━━━ Provided records

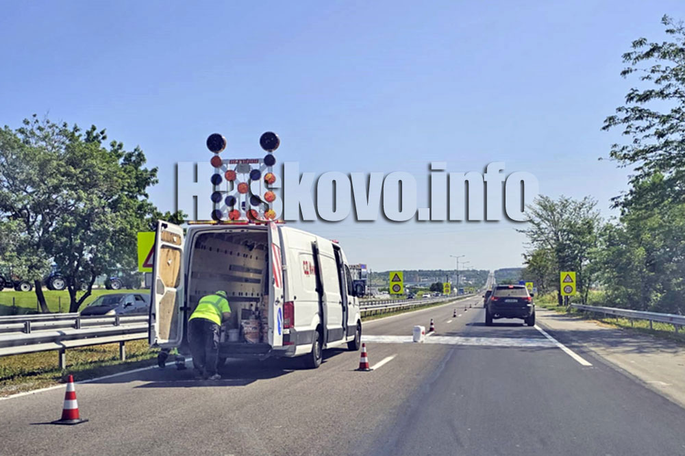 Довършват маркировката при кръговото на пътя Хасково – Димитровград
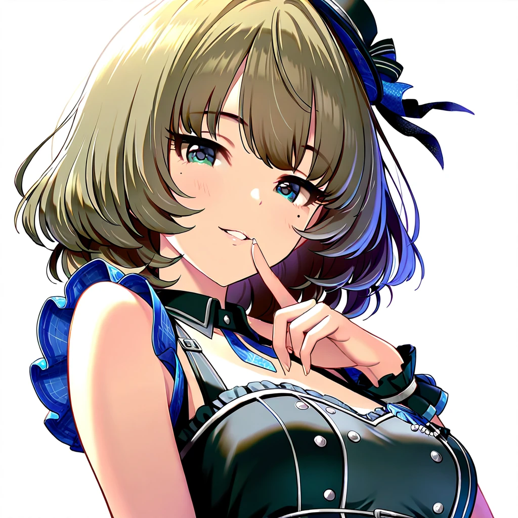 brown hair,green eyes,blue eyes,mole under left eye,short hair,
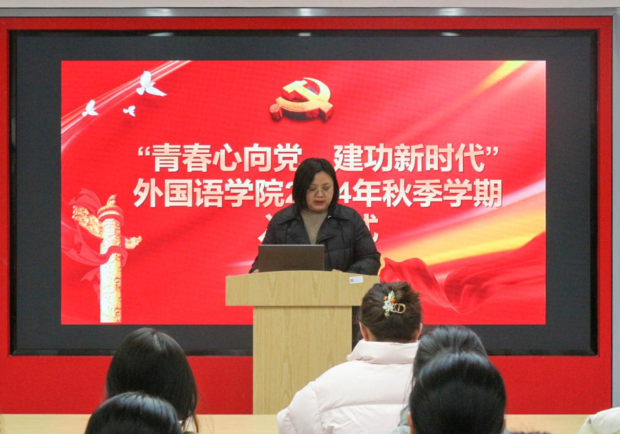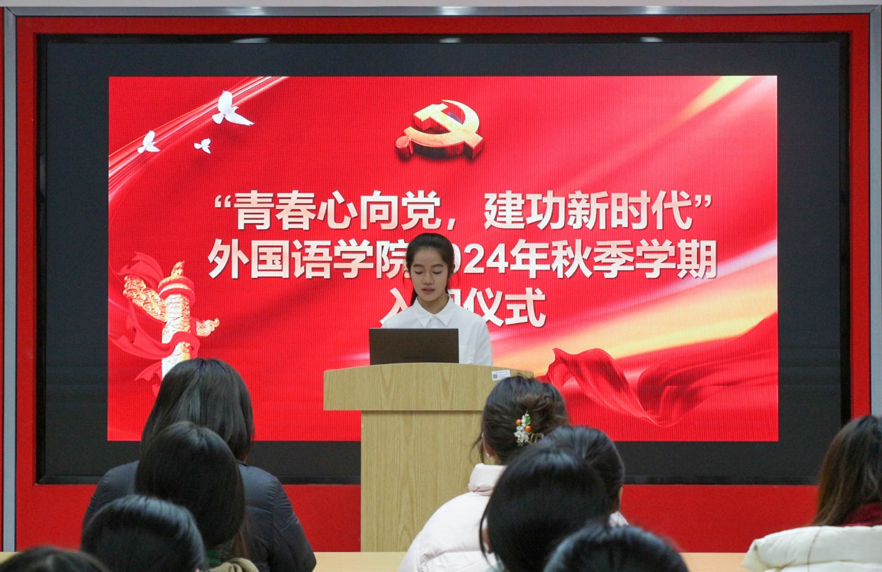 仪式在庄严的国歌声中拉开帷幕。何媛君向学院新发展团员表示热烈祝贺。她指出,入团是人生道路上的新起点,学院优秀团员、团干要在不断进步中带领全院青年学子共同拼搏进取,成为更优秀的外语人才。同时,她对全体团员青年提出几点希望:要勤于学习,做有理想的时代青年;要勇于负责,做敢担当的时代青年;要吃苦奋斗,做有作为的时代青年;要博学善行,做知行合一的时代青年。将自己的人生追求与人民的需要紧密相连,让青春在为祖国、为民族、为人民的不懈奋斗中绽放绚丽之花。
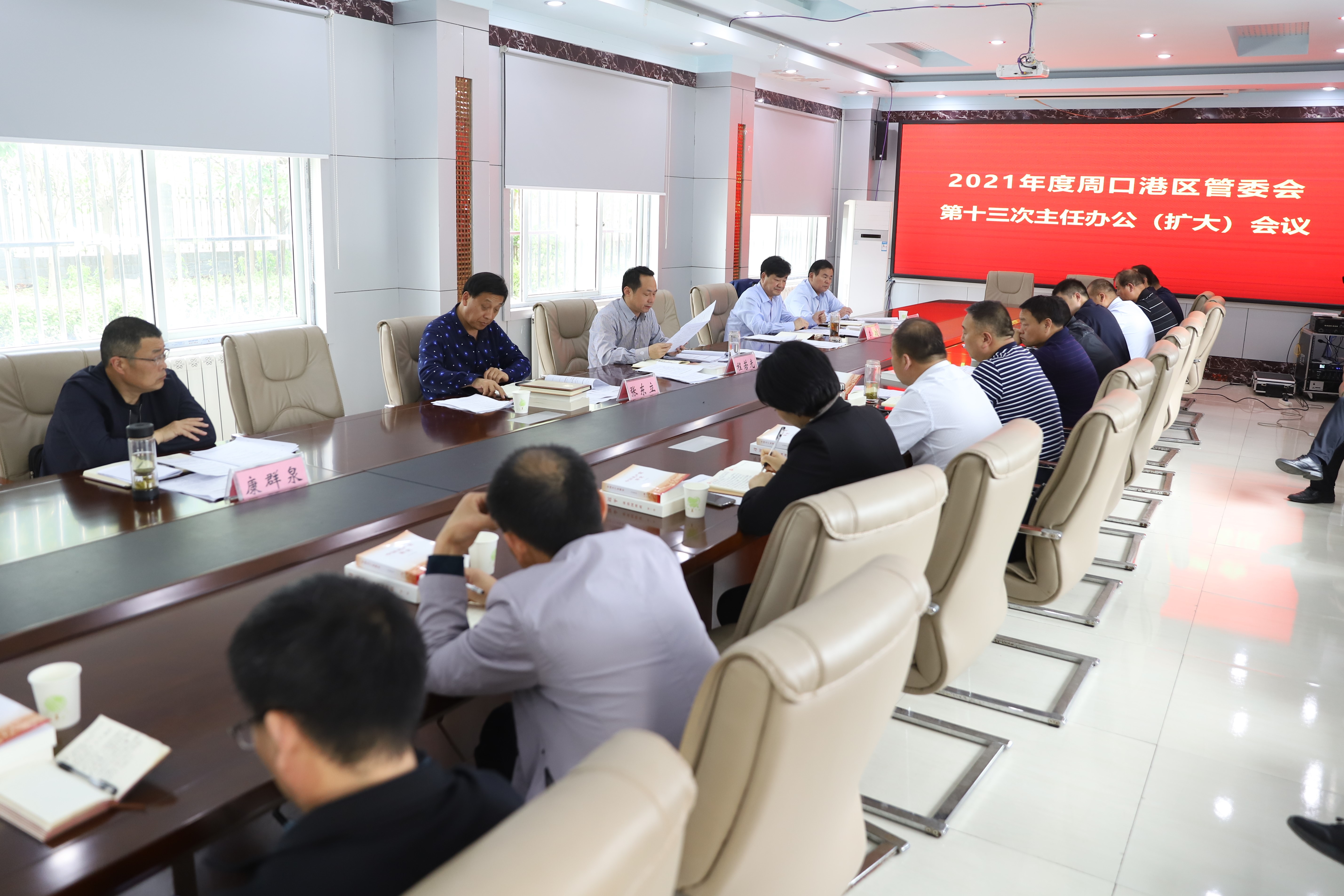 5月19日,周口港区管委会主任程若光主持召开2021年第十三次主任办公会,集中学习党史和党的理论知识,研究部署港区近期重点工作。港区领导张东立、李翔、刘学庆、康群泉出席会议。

━━━━━━
━━━ Provided records

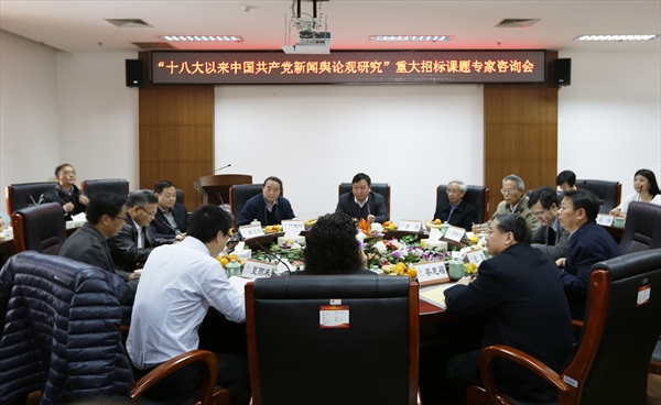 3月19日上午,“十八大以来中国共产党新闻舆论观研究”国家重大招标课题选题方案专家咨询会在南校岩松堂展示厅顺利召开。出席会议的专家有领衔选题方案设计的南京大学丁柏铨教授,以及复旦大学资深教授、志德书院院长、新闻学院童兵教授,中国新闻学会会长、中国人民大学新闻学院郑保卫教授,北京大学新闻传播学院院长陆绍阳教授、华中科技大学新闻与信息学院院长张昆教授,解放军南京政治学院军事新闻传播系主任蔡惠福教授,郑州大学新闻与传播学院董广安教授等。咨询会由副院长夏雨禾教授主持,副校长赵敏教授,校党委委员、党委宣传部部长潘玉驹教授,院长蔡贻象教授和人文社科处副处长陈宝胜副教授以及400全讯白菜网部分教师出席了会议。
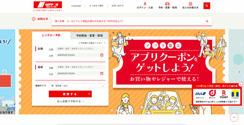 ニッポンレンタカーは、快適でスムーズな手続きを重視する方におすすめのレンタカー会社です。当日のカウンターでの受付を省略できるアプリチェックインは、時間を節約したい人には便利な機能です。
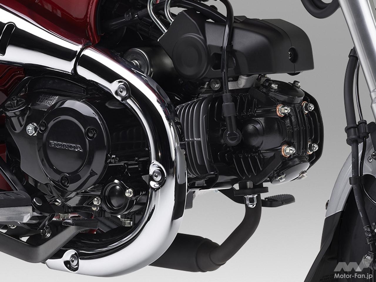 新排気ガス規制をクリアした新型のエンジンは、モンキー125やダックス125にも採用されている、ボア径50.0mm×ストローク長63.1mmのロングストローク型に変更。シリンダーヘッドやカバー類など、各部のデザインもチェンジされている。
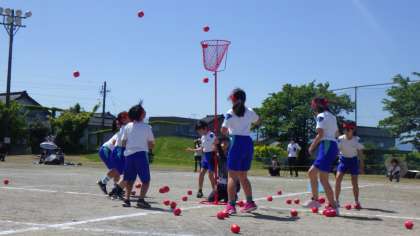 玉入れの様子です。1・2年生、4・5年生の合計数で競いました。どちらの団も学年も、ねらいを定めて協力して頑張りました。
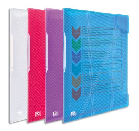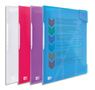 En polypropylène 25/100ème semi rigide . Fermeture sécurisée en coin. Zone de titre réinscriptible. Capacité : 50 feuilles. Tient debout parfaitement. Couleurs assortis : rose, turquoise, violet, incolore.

━━━━━━
━━━ Provided records

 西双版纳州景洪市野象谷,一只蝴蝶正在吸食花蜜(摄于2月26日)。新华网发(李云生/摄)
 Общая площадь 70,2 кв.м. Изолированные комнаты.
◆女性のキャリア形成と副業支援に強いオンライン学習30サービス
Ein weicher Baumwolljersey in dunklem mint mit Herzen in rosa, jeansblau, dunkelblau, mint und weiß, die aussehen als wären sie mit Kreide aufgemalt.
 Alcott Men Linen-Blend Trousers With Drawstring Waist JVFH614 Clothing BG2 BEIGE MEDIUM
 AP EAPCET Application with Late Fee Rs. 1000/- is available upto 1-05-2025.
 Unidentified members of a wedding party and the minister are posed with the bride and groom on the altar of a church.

━━━━━━

Look above for the line with "Довършват маркировката при", then give again exactly every line from there through the line with "5月19日,周口港区管委会主", skipping the pictures.

Exercise output:
 Довършват маркировката при кръговото на пътя Хасково – Димитровград
 brown hair,green eyes,blue eyes,mole under left eye,short hair,
 仪式在庄严的国歌声中拉开帷幕。何媛君向学院新发展团员表示热烈祝贺。她指出,入团是人生道路上的新起点,学院优秀团员、团干要在不断进步中带领全院青年学子共同拼搏进取,成为更优秀的外语人才。同时,她对全体团员青年提出几点希望:要勤于学习,做有理想的时代青年;要勇于负责,做敢担当的时代青年;要吃苦奋斗,做有作为的时代青年;要博学善行,做知行合一的时代青年。将自己的人生追求与人民的需要紧密相连,让青春在为祖国、为民族、为人民的不懈奋斗中绽放绚丽之花。
 5月19日,周口港区管委会主任程若光主持召开2021年第十三次主任办公会,集中学习党史和党的理论知识,研究部署港区近期重点工作。港区领导张东立、李翔、刘学庆、康群泉出席会议。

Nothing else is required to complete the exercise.